- The Washington Times - Wednesday, May 24, 2000

The Clinton administration and the Republican leadership yesterday appeared headed for victory in a bitter, months-long battle to pass legislation expanding trade with China.

The bill got an additional push yesterday as at least nine Democrats, the key swing group in the battle, came out in favor of the legislation.

At the same time, Republicans worked to exceed estimates of the number of votes they were expected to deliver to pass permanent normal trade relations (NTR) with China.

Supporters of the bill emphasized that there are still undecided members whose support they need before the vote this afternoon. But they reckoned with backing from enough of them to reach the critical threshold of 218 when the 435-member House votes.

"I am confident we'll have 218 by the vote," said Rep. Jim Ramstad, Minnesota Republican. "We've got people who have said they'll be with us."

Pro-NTR Democrats were equally upbeat.

"We're about there, and we're very confident," said Rep. Robert T. Matsui, the California Democrat who has led the pro-NTR forces in his party.

By contrast, opponents of the legislation gave little indication that they are within striking distance of victory, preferring instead to emphasize that they will not give up until the vote is taken.

"We are fighting all the way to the end," said Rep. David E. Bonior, the Michigan Democrat who is leading the Democratic opposition to NTR in the House.

Opponents a diverse coalition of human rights groups, environmentalists, veterans groups and conservative activists held a vigil on the steps of the Capitol. AFL-CIO President John Sweeney said he and state labor leaders would keep up the pressure on members still on the fence until the vote is taken.
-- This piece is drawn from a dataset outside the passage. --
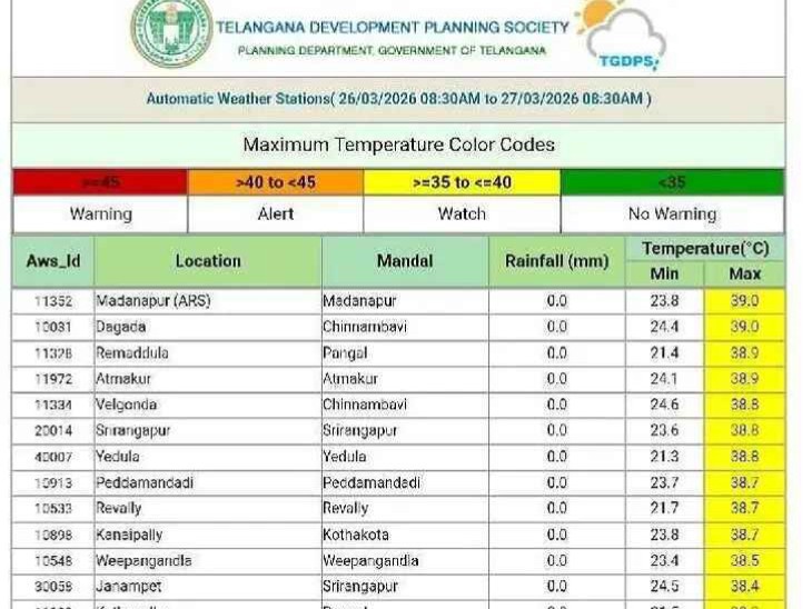 వనపర్తి జిల్లాలో గత 24 గంటల్లో ఉష్ణోగ్రతలు గణనీయంగా పెరిగాయి. 21 కేంద్రాల్లో నమోదైన వివరాల ప్రకారం మదనపూర్ దగడలో అత్యధికంగా 39 డిగ్రీలు నమోదయ్యాయి. రేమద్దుల, ఆత్మకూరు 38.9, వెలుగొండ, శ్రీరంగాపూర్ 38.8గా నమోదయ్యాయి. ఇతర ప్రాంతాల్లో కూడా 38 డిగ్రీలకుపైగా ఉష్ణోగ్రతలు నమోదై ప్రజలు ఎండలతో ఇబ్బందులు పడుతున్నారు.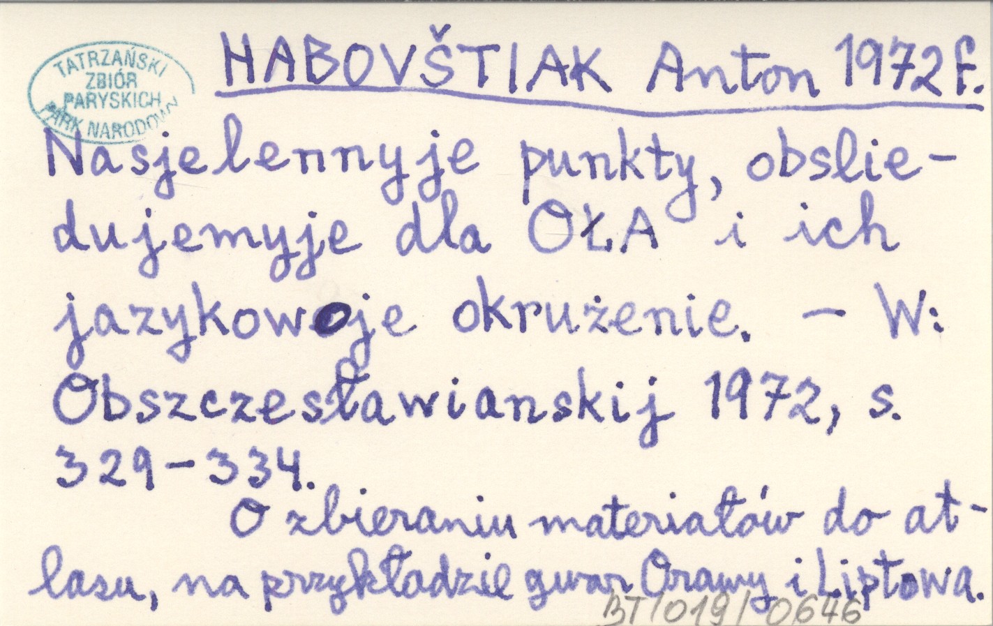 HABOVŠTIAK Anton 1972 f Nasjelennyje punkty, obsliedujemyje dla OŁA i ich jazykowoje okrużenie.

At the same time, the United Auto Workers lashed out at Vice President Al Gore in unusually harsh terms for his backing of the China trade deal, which major U.S. corporations strongly support, and hinted that the union might back Green Party candidate Ralph Nader for president.
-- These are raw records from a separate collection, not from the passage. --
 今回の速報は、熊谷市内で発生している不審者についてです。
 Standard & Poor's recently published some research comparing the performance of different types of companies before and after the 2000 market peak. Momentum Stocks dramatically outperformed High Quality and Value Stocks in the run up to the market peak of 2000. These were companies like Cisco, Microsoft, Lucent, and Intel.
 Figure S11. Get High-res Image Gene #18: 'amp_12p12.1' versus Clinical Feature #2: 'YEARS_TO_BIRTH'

"One moment, presidential candidate Gore is telling the labor movement that he supports them on trade issues," UAW President Steve Yokich said. "The next, Vice President Gore is holding hands with the profiteers of the world."

Passage of permanent NTR for China would grant the Asian giant access to the U.S. market on the same terms as the vast majority of other countries. It also would ease the way for China to join the World Trade Organization under the terms of a landmark trade agreement China negotiated with the United States last year.

Pro-NTR forces were heartened by vote counts showing that Republicans and Democrats together are on the threshold of victory, and need only a minority of the remaining undecided members to prevail. Members and senior administration officials repeatedly expressed strong confidence that these undecideds will vote for permanent NTR when the House votes this afternoon.

"We will probably not really know for sure until [House Speaker J. Dennis Hastert, Illinois Republican] bangs the gavel and the last member casts the last vote for the last time," Secretary of Commerce William M. Daley said.

Accordingly, President Clinton focused his attention on the remaining undecided members with both telephone calls and in-person appeals to back the China trade legislation. The White House also announced yesterday an agreement with the House Republican leadership on an initiative to encourage investment in low-income areas.

Black and Hispanic members were strong supporters of the plan, and Mr. Daley said that completing the investment initiative helped lock in their support for the China bill.

Yesterday, supporters of the China trade deal finally were able to secure the support of a critical group of Texas Democrats whose backing was crucial to the fate of the bill. Reps. Martin Frost, Jim Turner, Ruben Hinojosa, Silvestre Reyes, Solomon P. Ortiz and Sheila Jackson-Lee all said they would vote for permanent NTR for China. They were joined by Reps. Allen Boyd of Florida, Robert E. "Bud" Cramer of Alabama and Gregory W. Meeks of New York.

There are now 68 Democrats prepared to back the China legislation, a leading Democratic member said. With Republicans privately betting that as many as 170 members of their party could vote for it, pro-NTR forces appeared set for a clear victory. The situation represents a dramatic turnaround, members said, even from last week, when NTR backers faced the daunting task of winning over a large majority of the undecided members.

Now, even a small group of the roughly 20 members who have not indicated how they will vote would be enough to put NTR over the top, members said.

Republican NTR supporters have been surprisingly successful in winning of members of their own party. On Monday, Rep. Jim DeMint, a South Carolina Republican who is a bellwether for religious conservatives, said he would vote for the plan. Yesterday, Rep. Sherwood Boehlert, a centrist Republican from New York who had been courted by NTR opponents, also announced his support for the legislation.

"A lot of [different Republican] conservatives had opposed this bill" but are now supporting it, said Rep. Jennifer Dunn of Washington.